I’ll assume that the Olympic Organizing Committee has seen plenty of footage of Teahupo’o, and have a grasp of what actually goes on there. If not, I’ll make it easy for them. Big, scary waves. Really big. In Teahupo’o’s case, let’s say 20-foot minimum. Which means deadly big. Forget the nightmare of it being flat (which can happen) or overhead and blown out (which has happened), even if it is eight-to ten-feet it will be a letdown to everyone, network broadcasters included, all of whom are hoping to see Olympic surfing gold being won in Tahitian Code Red.

And there’s the problem. Because if everything does go right, and sometime during the allotted one-week schedule a really big south swell and good winds actually arrive, the Olympics could be faced with the truly unique spectacle of presenting athletes competing in an event in which they have no experience. Because make no mistake: very few of the world’s surfers are capable of surfing 20 foot Teahupo’o. And none of became so by surfing in ISA qualifying heats.

It could be bad enough for the men’s division. But for the women surfers, a giant swell could be downright catastrophic. Even a precursory look at this year’s professional and amateur rankings will show that with the exception of Tahiti’s Vahine Fierro, not a single female Olympic qualifier has ever surfed a truly big day at Teahupo’o’. I’m not saying that none of the women qualifiers are capable of surfing a big day at Teahupo’o’. I’m just saying that up to now they haven’t.

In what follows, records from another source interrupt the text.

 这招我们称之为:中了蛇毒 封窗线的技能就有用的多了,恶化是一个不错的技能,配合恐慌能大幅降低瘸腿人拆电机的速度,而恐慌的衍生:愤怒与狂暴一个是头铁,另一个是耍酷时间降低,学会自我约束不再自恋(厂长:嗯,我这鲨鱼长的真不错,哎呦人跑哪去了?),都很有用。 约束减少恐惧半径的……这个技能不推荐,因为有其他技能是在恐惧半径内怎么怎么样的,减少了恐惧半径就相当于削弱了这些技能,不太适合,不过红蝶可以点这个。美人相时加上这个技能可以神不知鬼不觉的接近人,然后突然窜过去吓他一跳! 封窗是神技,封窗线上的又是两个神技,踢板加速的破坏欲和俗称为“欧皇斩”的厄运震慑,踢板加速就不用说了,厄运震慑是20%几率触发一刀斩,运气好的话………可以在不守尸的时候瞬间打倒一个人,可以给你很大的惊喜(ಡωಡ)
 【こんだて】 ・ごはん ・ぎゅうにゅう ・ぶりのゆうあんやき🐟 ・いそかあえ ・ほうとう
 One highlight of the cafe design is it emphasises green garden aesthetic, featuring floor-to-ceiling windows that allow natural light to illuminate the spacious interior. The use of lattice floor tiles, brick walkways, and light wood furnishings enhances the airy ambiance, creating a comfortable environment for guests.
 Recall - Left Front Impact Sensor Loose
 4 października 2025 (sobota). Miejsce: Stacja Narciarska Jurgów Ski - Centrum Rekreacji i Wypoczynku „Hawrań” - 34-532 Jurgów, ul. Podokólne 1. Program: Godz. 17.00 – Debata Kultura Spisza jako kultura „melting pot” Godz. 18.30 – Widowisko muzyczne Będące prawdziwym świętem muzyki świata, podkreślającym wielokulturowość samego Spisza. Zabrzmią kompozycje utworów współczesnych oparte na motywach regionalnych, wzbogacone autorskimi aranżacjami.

So imagine a Winter Olympic slalom ski racers being told that, in fact, they’ll be competing in the ski jumping event on the large hill? That’s essentially the exact scenario that many of our Summer Olympic surfers will be facing if everything goes right at Teahupo’o’. For the athletes, the consequence of failure could be grievous injury, but for the Olympic broadcast, it would be seeing a large percentage of the competitors electing, in all good conscience, to not even paddle out. And who could blame them, considering that many of these first timers will be going for gold at a terrifying wave that takes years of experience to wire. A place called Teahupo’o’, whose name translated to English means “the severing of heads”, or, more colloquially, “place of skulls.” For the sake of the O.O.C. and all the over 2 billion viewers who watch the summer Olympics, the question must be raised? Have we thought this through?